**Problem to work on**
Everything in the records below from the line containing "7.2.10 Heath Highback" through the line containing "Prodajem komplet od" is to be reproduced exactly, those two lines included; no picture is to be copied.

**Available records**
##########
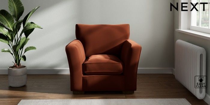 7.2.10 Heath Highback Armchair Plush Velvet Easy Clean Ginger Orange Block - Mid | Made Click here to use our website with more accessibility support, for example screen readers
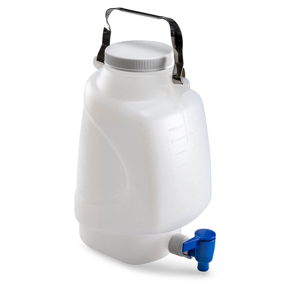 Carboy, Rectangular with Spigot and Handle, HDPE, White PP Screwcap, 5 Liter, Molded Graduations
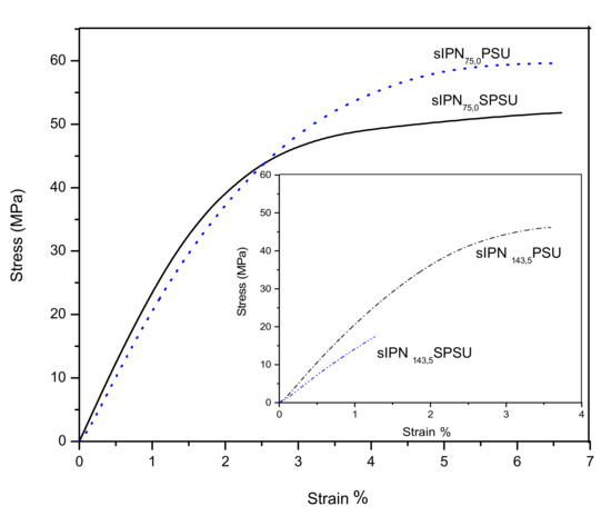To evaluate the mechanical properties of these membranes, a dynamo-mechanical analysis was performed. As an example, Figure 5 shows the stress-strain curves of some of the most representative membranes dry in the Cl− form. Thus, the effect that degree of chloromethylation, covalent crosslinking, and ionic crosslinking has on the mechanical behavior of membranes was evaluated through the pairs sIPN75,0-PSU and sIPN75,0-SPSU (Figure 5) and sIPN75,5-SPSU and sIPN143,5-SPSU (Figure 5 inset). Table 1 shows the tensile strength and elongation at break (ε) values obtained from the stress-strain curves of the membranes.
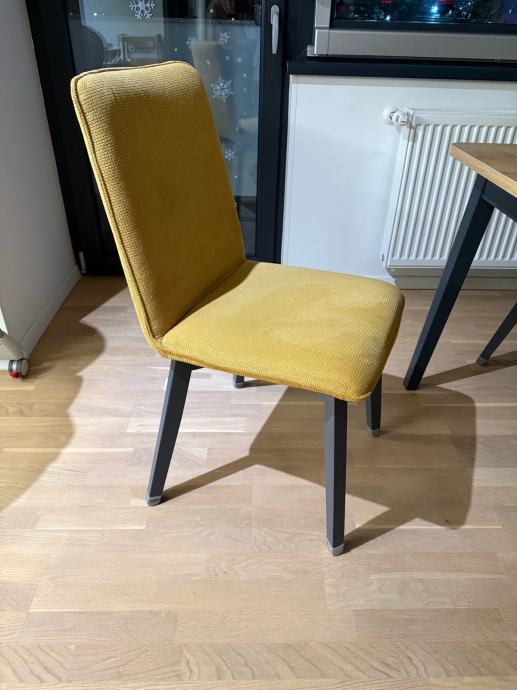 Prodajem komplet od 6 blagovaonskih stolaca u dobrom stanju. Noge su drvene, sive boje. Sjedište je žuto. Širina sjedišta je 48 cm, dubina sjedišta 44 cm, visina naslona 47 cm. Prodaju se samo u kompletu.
##########
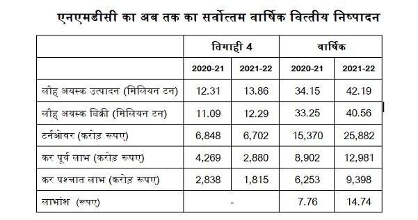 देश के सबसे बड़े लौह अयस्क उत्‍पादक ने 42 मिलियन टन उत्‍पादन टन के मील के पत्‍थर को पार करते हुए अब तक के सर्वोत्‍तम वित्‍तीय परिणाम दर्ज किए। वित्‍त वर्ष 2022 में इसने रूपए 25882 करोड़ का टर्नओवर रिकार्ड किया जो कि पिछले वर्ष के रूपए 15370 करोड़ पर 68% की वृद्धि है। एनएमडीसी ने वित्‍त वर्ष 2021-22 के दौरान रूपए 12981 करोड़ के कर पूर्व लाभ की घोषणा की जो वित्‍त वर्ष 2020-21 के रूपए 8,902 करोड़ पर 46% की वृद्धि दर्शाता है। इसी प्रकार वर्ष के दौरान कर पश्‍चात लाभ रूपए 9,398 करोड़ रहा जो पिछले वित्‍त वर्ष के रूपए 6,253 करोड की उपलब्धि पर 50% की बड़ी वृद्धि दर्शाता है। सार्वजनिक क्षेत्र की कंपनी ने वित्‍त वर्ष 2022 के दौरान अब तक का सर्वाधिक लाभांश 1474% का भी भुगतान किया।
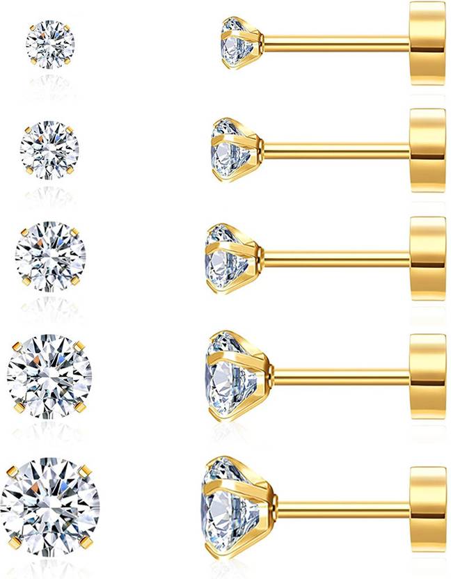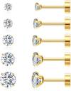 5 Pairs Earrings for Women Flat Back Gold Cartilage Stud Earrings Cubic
##########
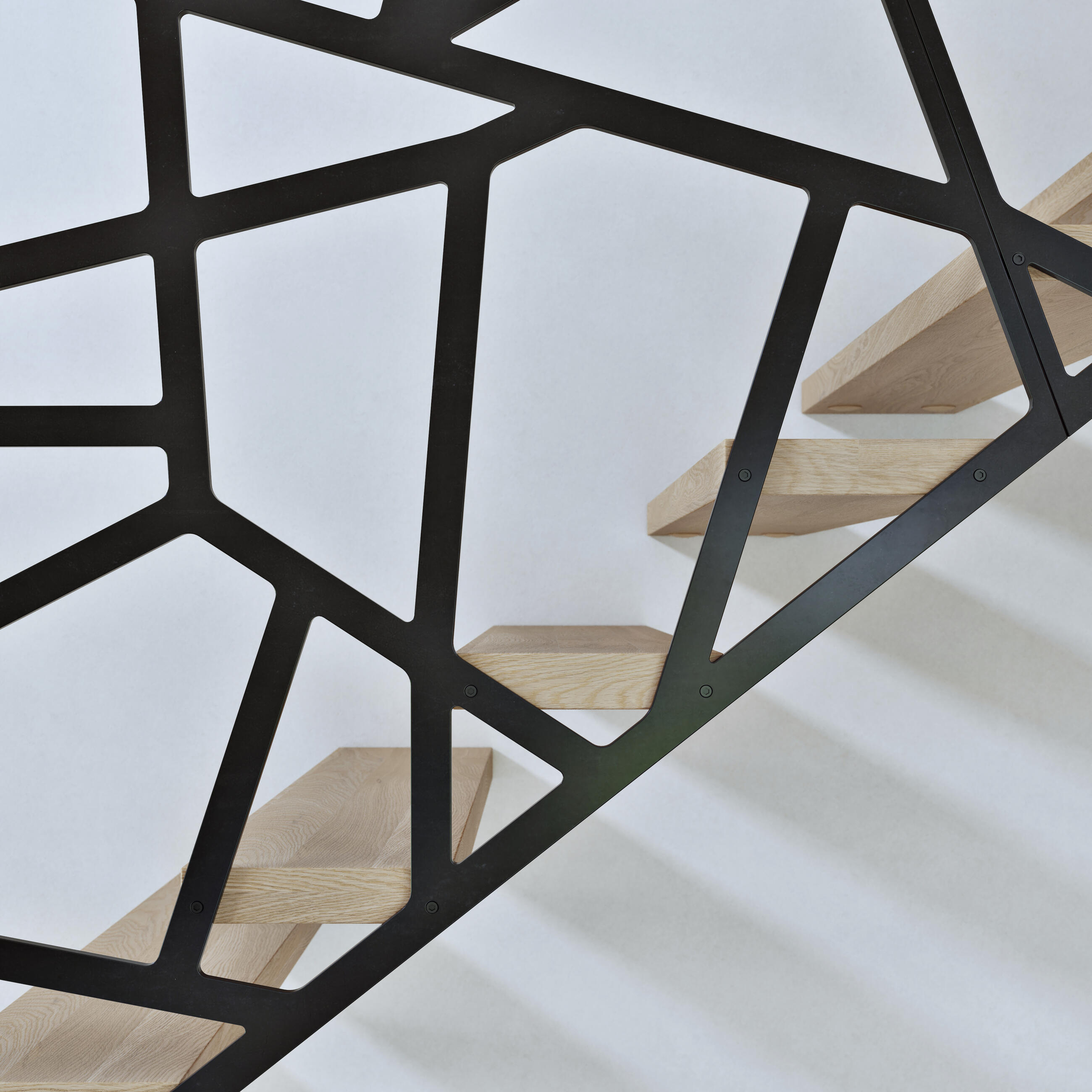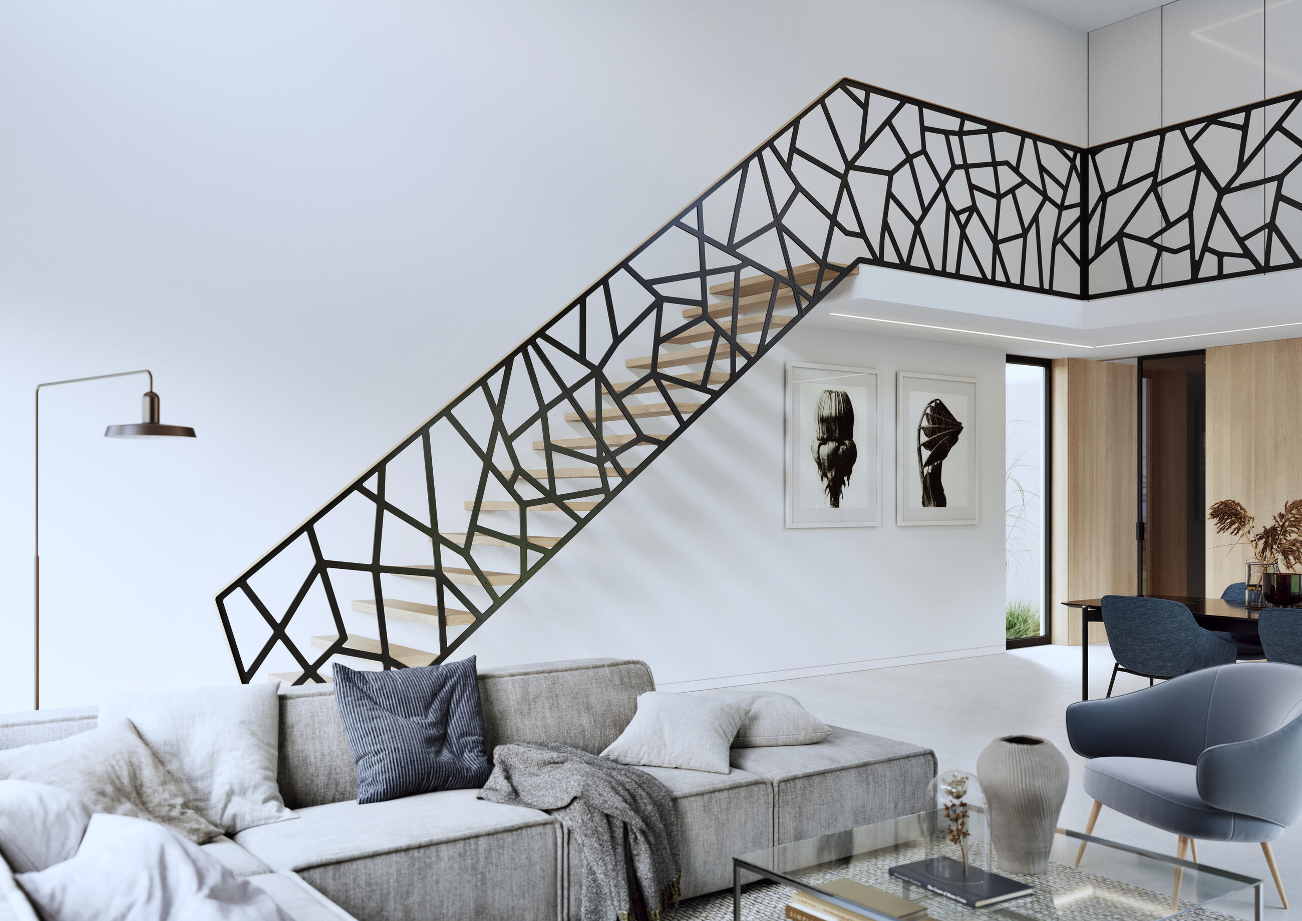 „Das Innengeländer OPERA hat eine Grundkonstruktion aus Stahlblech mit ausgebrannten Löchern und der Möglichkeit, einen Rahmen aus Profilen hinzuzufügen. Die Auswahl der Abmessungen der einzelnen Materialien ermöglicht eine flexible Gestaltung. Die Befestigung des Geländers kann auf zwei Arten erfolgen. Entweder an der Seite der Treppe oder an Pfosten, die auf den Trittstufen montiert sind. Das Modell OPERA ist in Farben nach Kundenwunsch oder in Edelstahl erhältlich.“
##########
**Reply to the exercise**
 7.2.10 Heath Highback Armchair Plush Velvet Easy Clean Ginger Orange Block - Mid | Made Click here to use our website with more accessibility support, for example screen readers
 Carboy, Rectangular with Spigot and Handle, HDPE, White PP Screwcap, 5 Liter, Molded Graduations
To evaluate the mechanical properties of these membranes, a dynamo-mechanical analysis was performed. As an example, Figure 5 shows the stress-strain curves of some of the most representative membranes dry in the Cl− form. Thus, the effect that degree of chloromethylation, covalent crosslinking, and ionic crosslinking has on the mechanical behavior of membranes was evaluated through the pairs sIPN75,0-PSU and sIPN75,0-SPSU (Figure 5) and sIPN75,5-SPSU and sIPN143,5-SPSU (Figure 5 inset). Table 1 shows the tensile strength and elongation at break (ε) values obtained from the stress-strain curves of the membranes.
 Prodajem komplet od 6 blagovaonskih stolaca u dobrom stanju. Noge su drvene, sive boje. Sjedište je žuto. Širina sjedišta je 48 cm, dubina sjedišta 44 cm, visina naslona 47 cm. Prodaju se samo u kompletu.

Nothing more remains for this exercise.